My Room

Lucky Garvin
Lucky Garvin

Although many years have past, Stephentown, the wee hamlet in New York State where I spent my teenage, growing up years, maintains an abiding grasp on my memory. Strange the reflections, the echoes which remain…

From the headlands and coves of my adolescence comes this remembrance – my room.

There came a time in my life when, being the oldest of three sons, I was awarded my own bedroom. It was the original ‘Man Cave.’

One of its features I best recall were all the pictures – torn out pages from sports magazines of various athletes accomplishing feats I could only dream about: sprinters, football, track and field, and the like. It should be noted I had no pictures of Erasmus or other scholars with their faces set to a resolved dedication to solving quadratic equations or calculating the value of pi.

In those years, I guess I felt a pole-vaulter scaling a bar set at sixteen-plus feet, or some muscular fellow hoisting four hundred pounds over his head to be far more engrossing than a scholar lost in thought. My values have changed quite a bit since then; but then most early-held values do.

These pages were stapled to the wallpaper and strange to say, Dad didn’t mind. Now there was to be no taping used in the hanging of these feats of athletic prowess; the damage to the wallpaper when said pictures were finally removed being obvious. But he didn’t mind staples since, once removed, no trace was left behind, much like a tiny wound sustained years ago, the scar of which is now invisible.

The urge for increased physical strength flourished within me – to be possessed of a stockyard strength, full of riot and vigor. The mounted wall images afforded testament to this urging. Although I cut, hauled, split and stacked more firewood than was seemly. I would have had to join a gym to get some rest – assuming for a moment there had been a gym in Stephentown – or if there had been, that anyone hauling in hay in the hot sun all day, or rising at four A.M. for milking would see the need of it. Nevertheless, all the harvesting of firewood did nothing to quell this fire inside which consumed me.

So, why was I so riveted with the idea of becoming stronger? Perhaps it was hormones, the desire to impress my Dad, a need to feel less vulnerable which compelled me; perhaps a mixture of all three.

Lacking barbells or dumb bells, I found an old bowling ball with which I adapted a series of strength inducing exercises, said exertions dutifully written down and checked off at the end of my ‘workout.’

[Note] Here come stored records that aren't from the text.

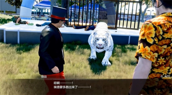 5、人干完事还没完,打斗中混混撞开了笼子,老虎出笼真岛又免不了一场恶战。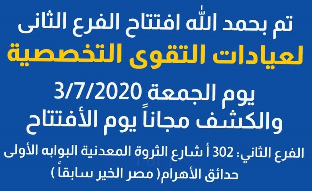 افتتح الدكتور سامح عبد الفتاح والدكتور سمير كرم الفرع الثاني من «عيادات التقوى التخصصية الحديثة» وذلك بشارع الثروة المعدنية بحدائق الاهرام وسط الاجراءات الاحترازية للوقاية من مرض كوفيد-19. وقد صرح دكتور سامح عبد الفتاح مدير معامل سمارت لاب للتحاليل انه تم الاتفاق مع دكتور نصار جمال ودكتور عبد الرحمن صلاح …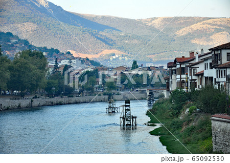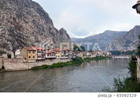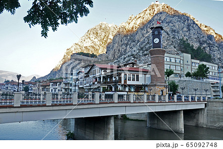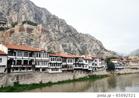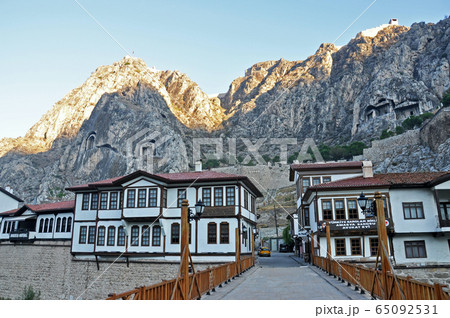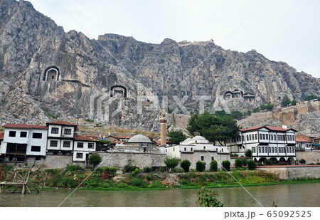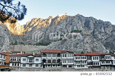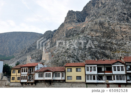 トルコ アナトリア地方 古都アマスヤの家並み、ポントス岩窟王墓と城塞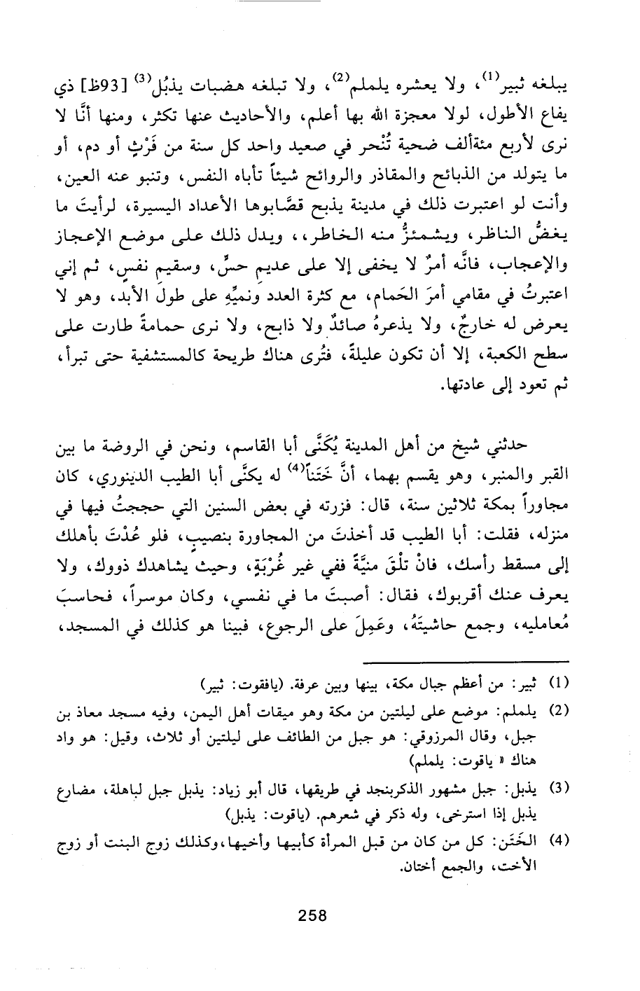 يبلغه ثبير [1] ، ولا يعشره يلملم [2] ، ولا تبلغه هضبات يذبل [3] [93 ظ] ذي يفاع الأطول، لولا معجزة الله بها أعلم، والأحاديث عنها تكثر، ومنها أنّا لا نرى لأربع مئة ألف ضحية تنحر في صعيد واحد كل سنة من فرث أو دم، أو ما يتولد من الذبائح والمقاذر والروائح شيئا تأباه النفس، وتنبو عنه العين، وأنت لو اعتبرت ذلك في مدينة يذبح قصّابوها الأعداد اليسيرة، لرأيت ما يغضّ الناظر، ويشمئزّ منه الخاطر، ويدل ذلك على موضع الإعجاز والإعجاب، فانّه أمر لا يخفى إلا على عديم حسّ، وسقيم نفس، ثم إني اعتبرت في مقامي أمر الحمام، مع كثرة العدد ونميّه على طول الأبد، وهو لا يعرض له خارج، ولا يذعره صائد ولا ذابح، ولا نرى حمامة طارت على سطح الكعبة، إلا أن تكون عليلة، فترى هناك طريحة كالمستشفية حتى تبرأ، ثم تعود إلى عادتها.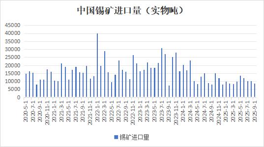 据最新海关总署数据显示,中国2025年9月锡矿砂及其精矿进口量8713.60实物吨(折合约3444.62金属吨)同比下降11.87%,环比下降26.59%,创年内新低。1-9月累计进口约9.14万实物吨,月累计同比下降0.11%。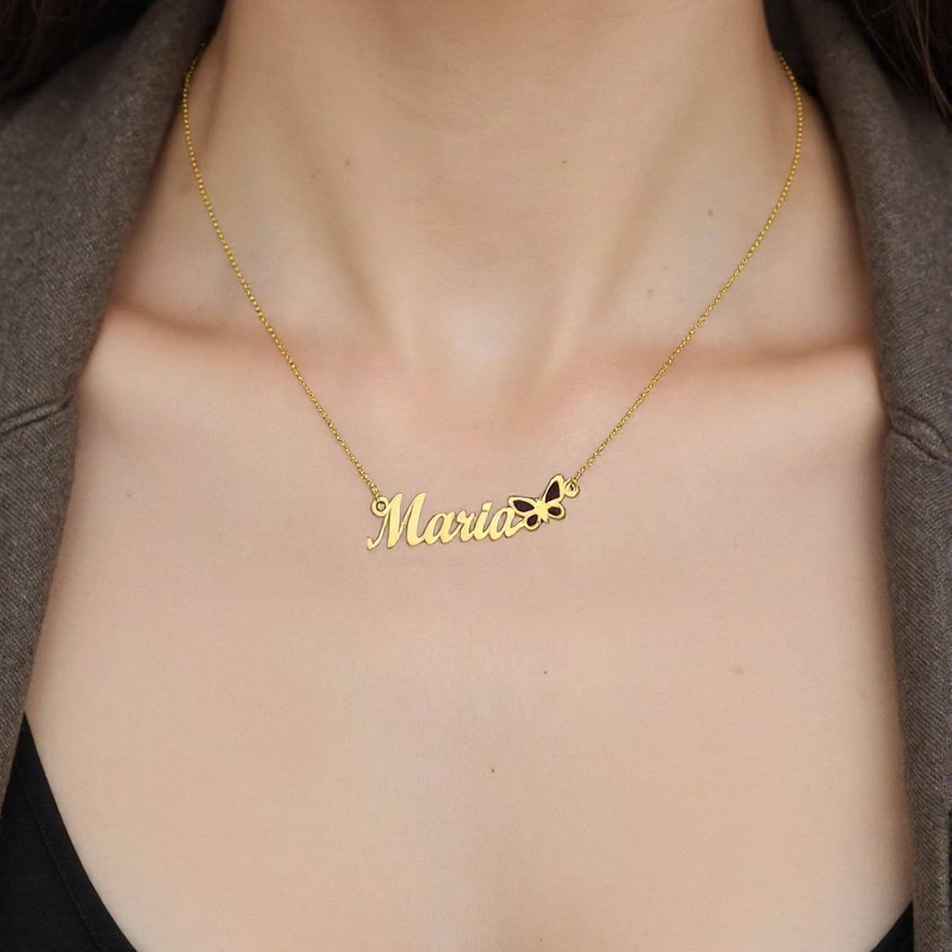 This pendant necklace is crafted entirely from Solid 10K Gold (Yellow Gold) and features a stone-free butterfly pendant and a customizable classic nameplate, suspended from a gold chain.

As a part of the drama club at our high school, imagine my delight in finding a pile [125 #] of barbell weights under the stage one day as I went prowling about looking for props for an upcoming play.

Believe it or not, every Friday, in addition to my school books and volumes obtained from our school library, I drug [dragged? Whatever…] those 125 # worth of plates home. Every Monday, I hauled them back. Dad helped me fashion a bar and collars so I could work on being a strong man at home after my chores were done.

Feeling this was not sufficient to enable my dreams, I built a small, make-shift gym in the upper story of a little hay barn nearby our home. It was a disgrace: a bar for chin-ups, raised blocks for push-ups and the like. It was quickly abandoned.

After forty five years of exercise and strengthening routines, I’m glad to be shed of that phase of my life. Oh well, all of life is cycles; and this was just one of mine. I’ve come full cycle. Starting off not that strong, becoming strong, only to have the years take it away from me, I have arrived, it seems, where I began.

Glad? Yes. My aches and pains from aging and all those workouts abide with me yet. And besides, all that exercise was getting quite boring.